**Work task**
Only one stretch of the data should be retyped: the lines from the line containing "长城汽车1月份销量为9031" through the line containing "Concho belt from". Keep pictures out of it.

**Provided data**

----

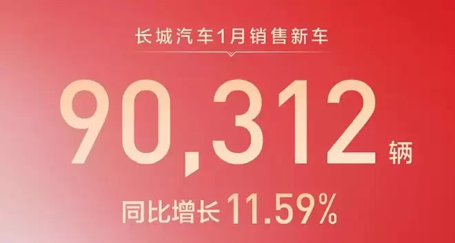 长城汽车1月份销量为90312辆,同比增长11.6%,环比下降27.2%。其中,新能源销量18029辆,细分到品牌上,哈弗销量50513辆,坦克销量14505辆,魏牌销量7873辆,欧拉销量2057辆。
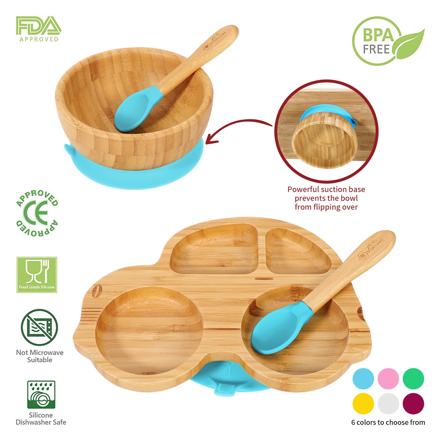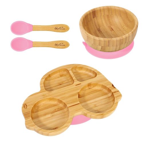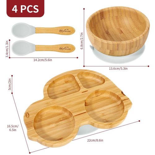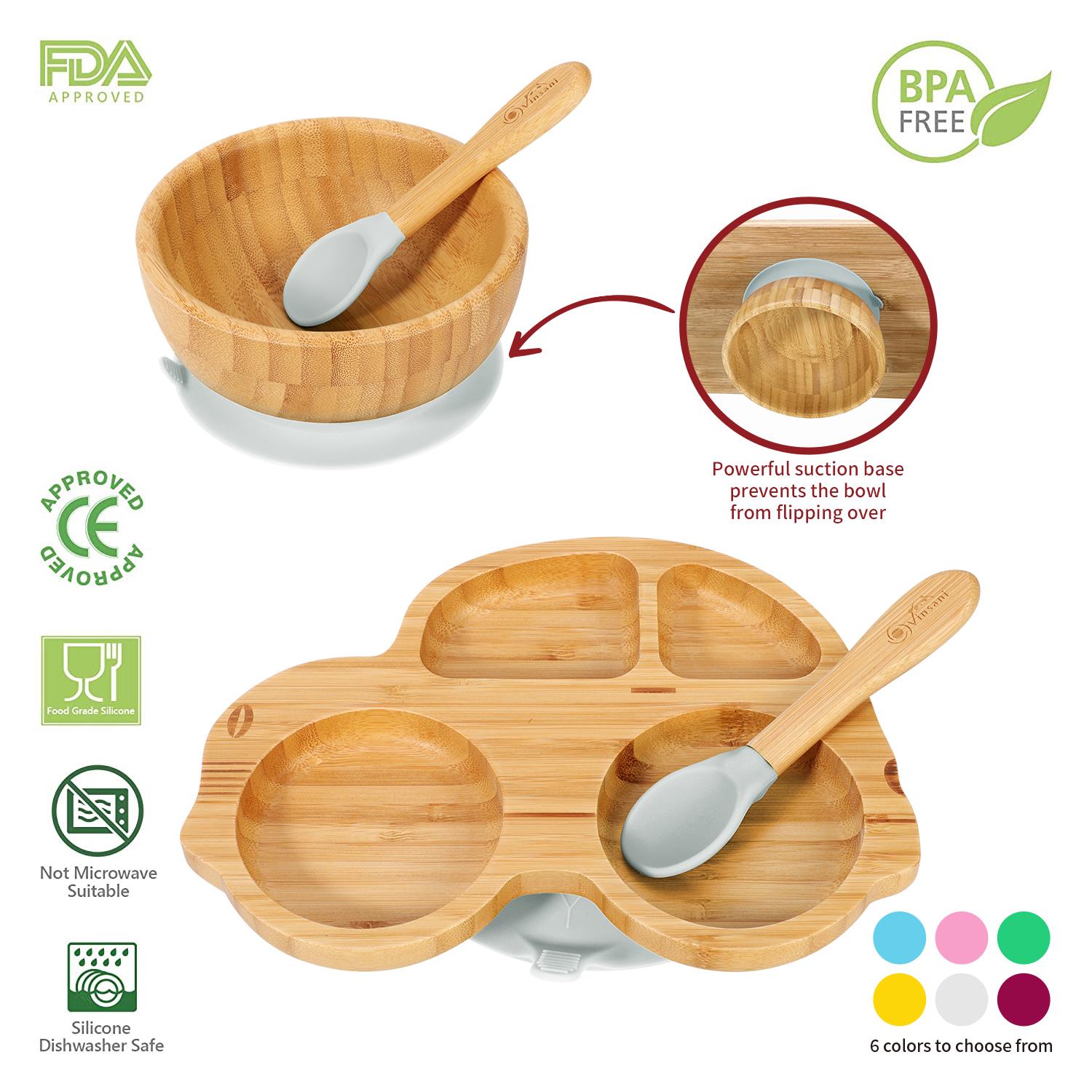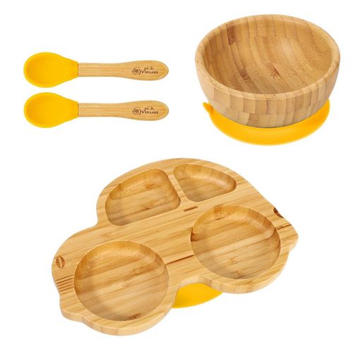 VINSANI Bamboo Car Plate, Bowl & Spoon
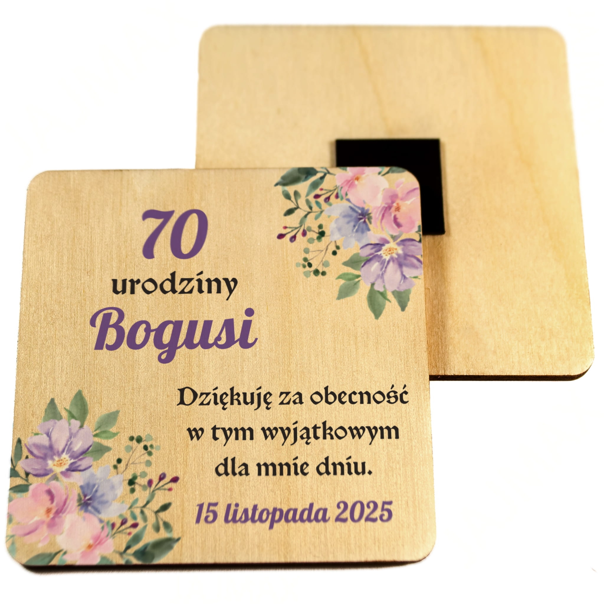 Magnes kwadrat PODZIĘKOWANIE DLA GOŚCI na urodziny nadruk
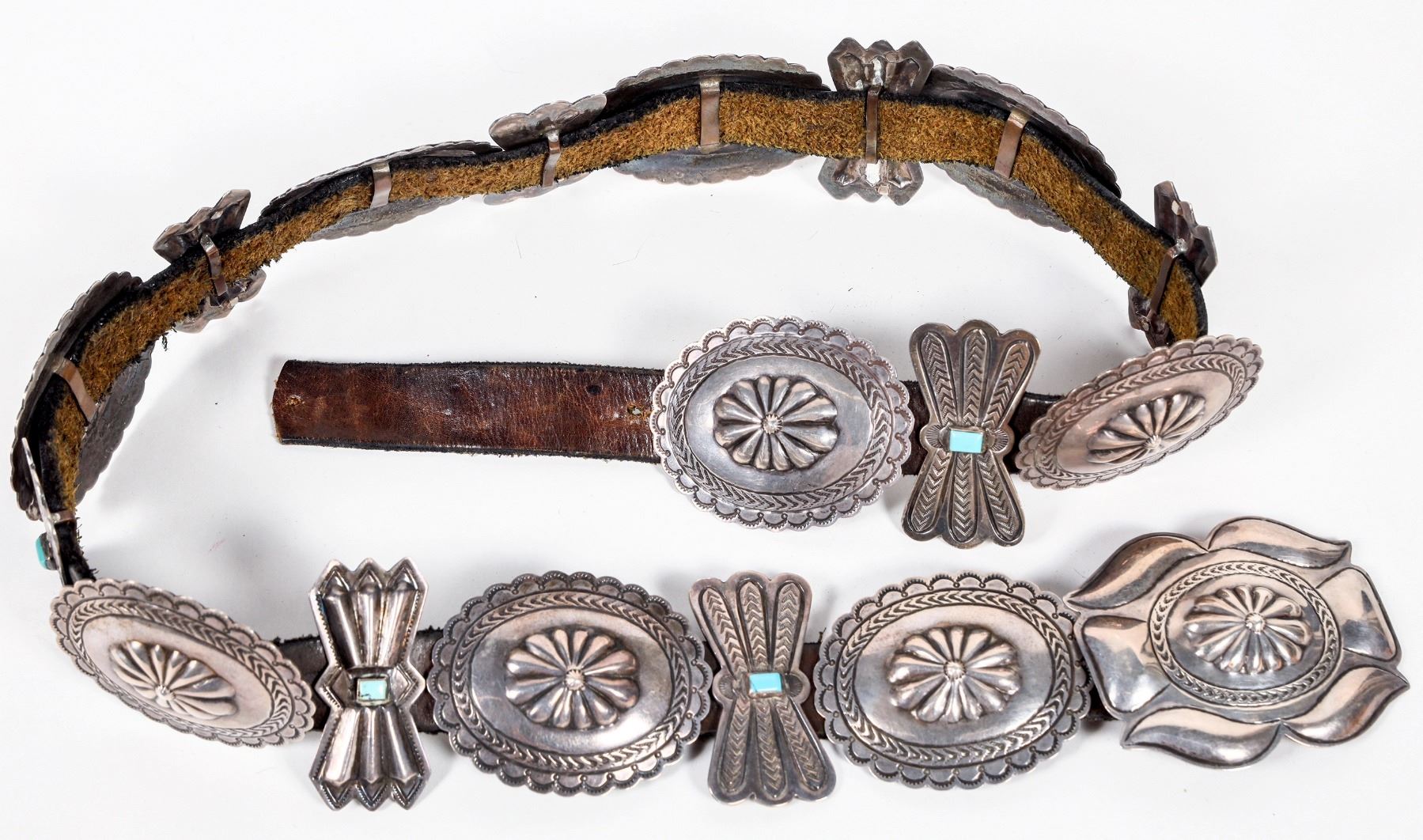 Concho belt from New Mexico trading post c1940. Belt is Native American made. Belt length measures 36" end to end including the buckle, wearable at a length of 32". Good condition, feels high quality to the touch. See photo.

----

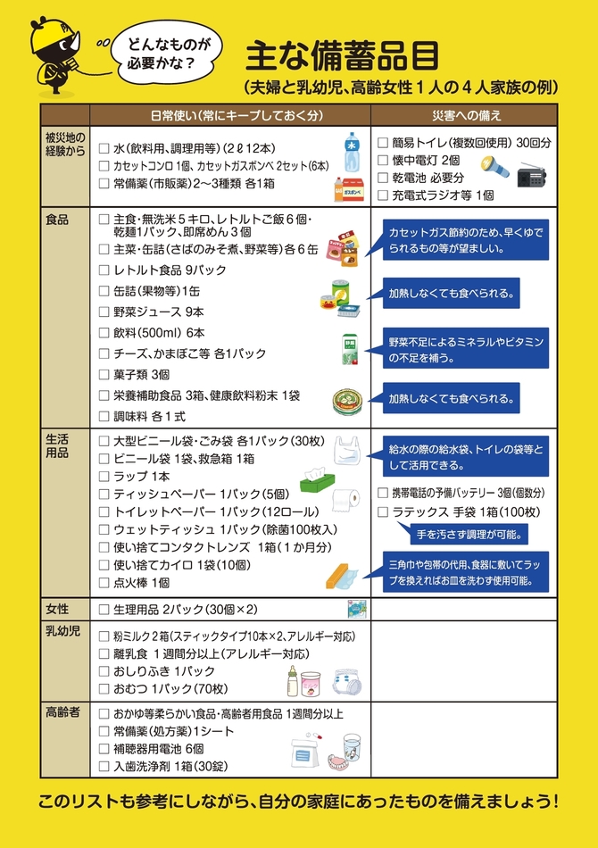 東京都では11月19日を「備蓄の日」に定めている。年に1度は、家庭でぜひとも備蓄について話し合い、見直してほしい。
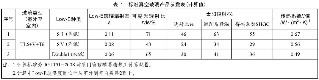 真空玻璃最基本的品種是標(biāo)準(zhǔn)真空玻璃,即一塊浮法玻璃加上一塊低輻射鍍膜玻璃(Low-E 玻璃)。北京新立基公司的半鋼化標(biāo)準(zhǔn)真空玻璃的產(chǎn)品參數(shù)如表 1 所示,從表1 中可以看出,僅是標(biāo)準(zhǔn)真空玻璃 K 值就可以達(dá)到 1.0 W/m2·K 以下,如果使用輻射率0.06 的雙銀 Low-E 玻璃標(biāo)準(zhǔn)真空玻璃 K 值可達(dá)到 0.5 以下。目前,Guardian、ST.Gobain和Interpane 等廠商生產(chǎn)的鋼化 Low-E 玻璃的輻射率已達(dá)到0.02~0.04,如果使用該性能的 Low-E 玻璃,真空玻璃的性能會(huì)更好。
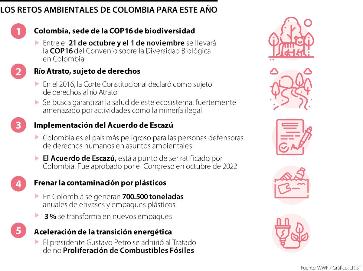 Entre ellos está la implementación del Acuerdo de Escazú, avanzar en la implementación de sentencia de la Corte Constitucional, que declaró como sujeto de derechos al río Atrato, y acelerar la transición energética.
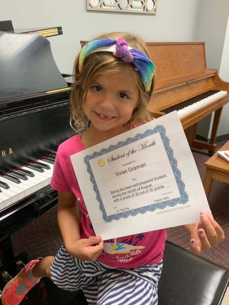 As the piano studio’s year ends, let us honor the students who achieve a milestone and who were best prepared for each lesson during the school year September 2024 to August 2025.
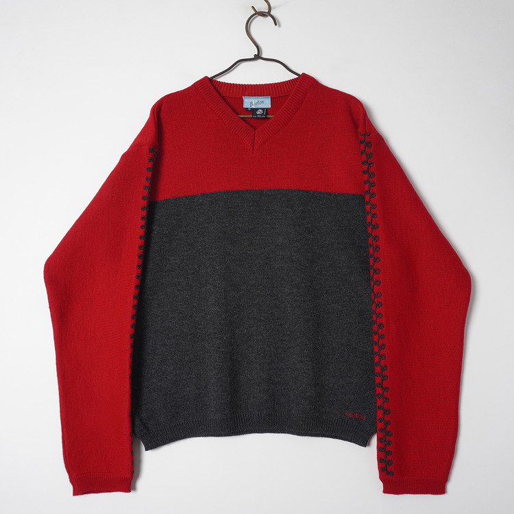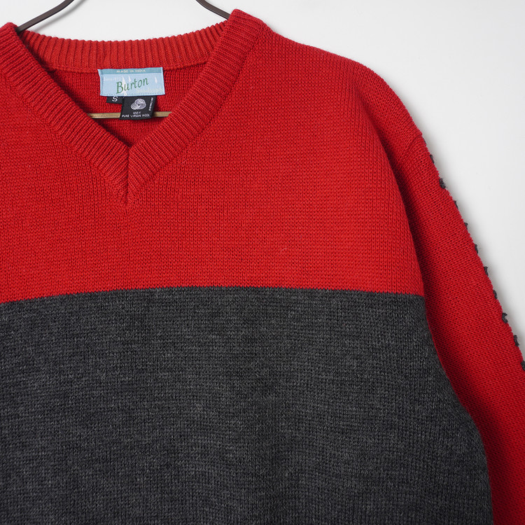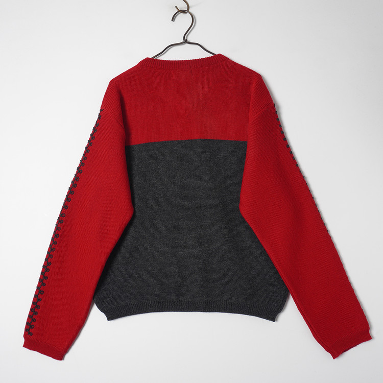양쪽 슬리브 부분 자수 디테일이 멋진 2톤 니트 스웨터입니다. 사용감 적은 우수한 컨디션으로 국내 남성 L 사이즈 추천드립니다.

----

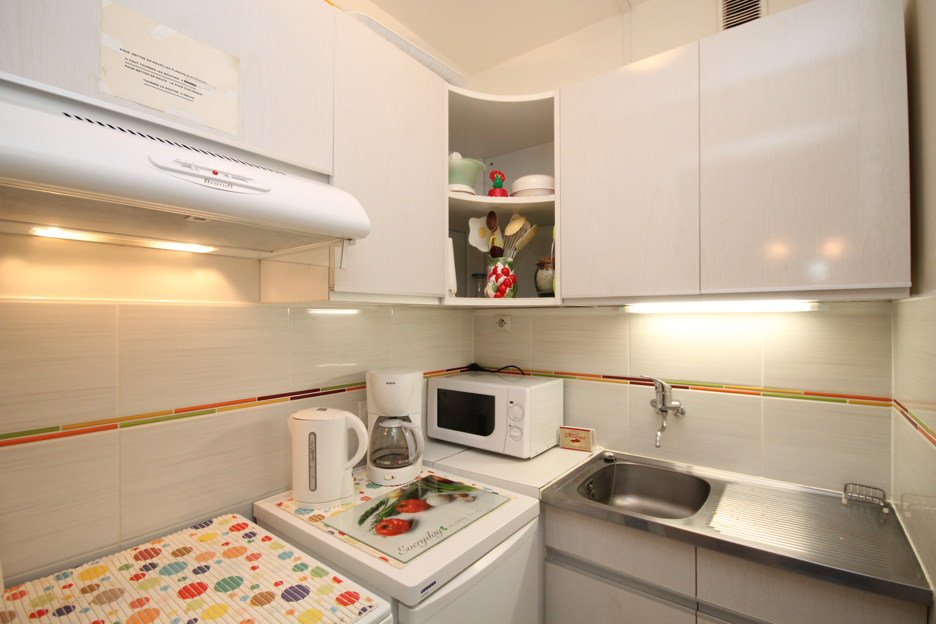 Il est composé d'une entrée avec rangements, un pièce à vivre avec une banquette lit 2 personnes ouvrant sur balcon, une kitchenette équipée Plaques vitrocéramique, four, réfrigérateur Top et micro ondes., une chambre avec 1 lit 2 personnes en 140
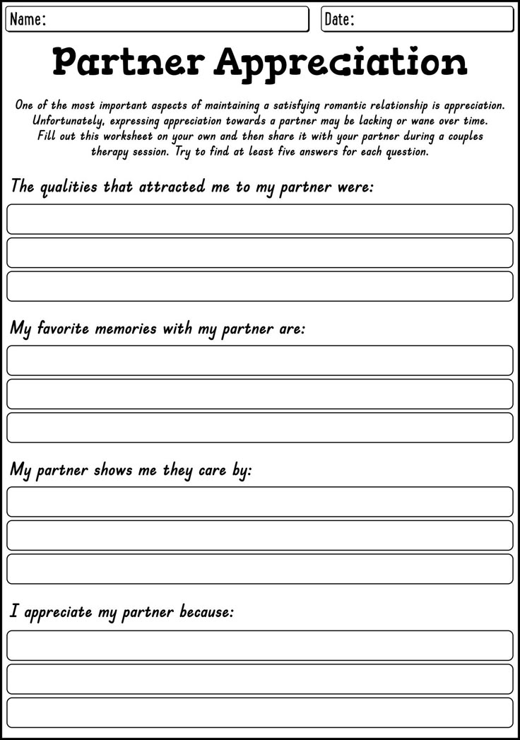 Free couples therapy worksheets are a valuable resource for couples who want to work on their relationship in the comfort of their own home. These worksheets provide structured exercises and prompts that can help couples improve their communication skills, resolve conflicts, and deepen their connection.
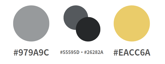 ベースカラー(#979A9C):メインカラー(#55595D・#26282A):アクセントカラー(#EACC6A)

----

**Written response**
 长城汽车1月份销量为90312辆,同比增长11.6%,环比下降27.2%。其中,新能源销量18029辆,细分到品牌上,哈弗销量50513辆,坦克销量14505辆,魏牌销量7873辆,欧拉销量2057辆。
 VINSANI Bamboo Car Plate, Bowl & Spoon
 Magnes kwadrat PODZIĘKOWANIE DLA GOŚCI na urodziny nadruk
 Concho belt from New Mexico trading post c1940. Belt is Native American made. Belt length measures 36" end to end including the buckle, wearable at a length of 32". Good condition, feels high quality to the touch. See photo.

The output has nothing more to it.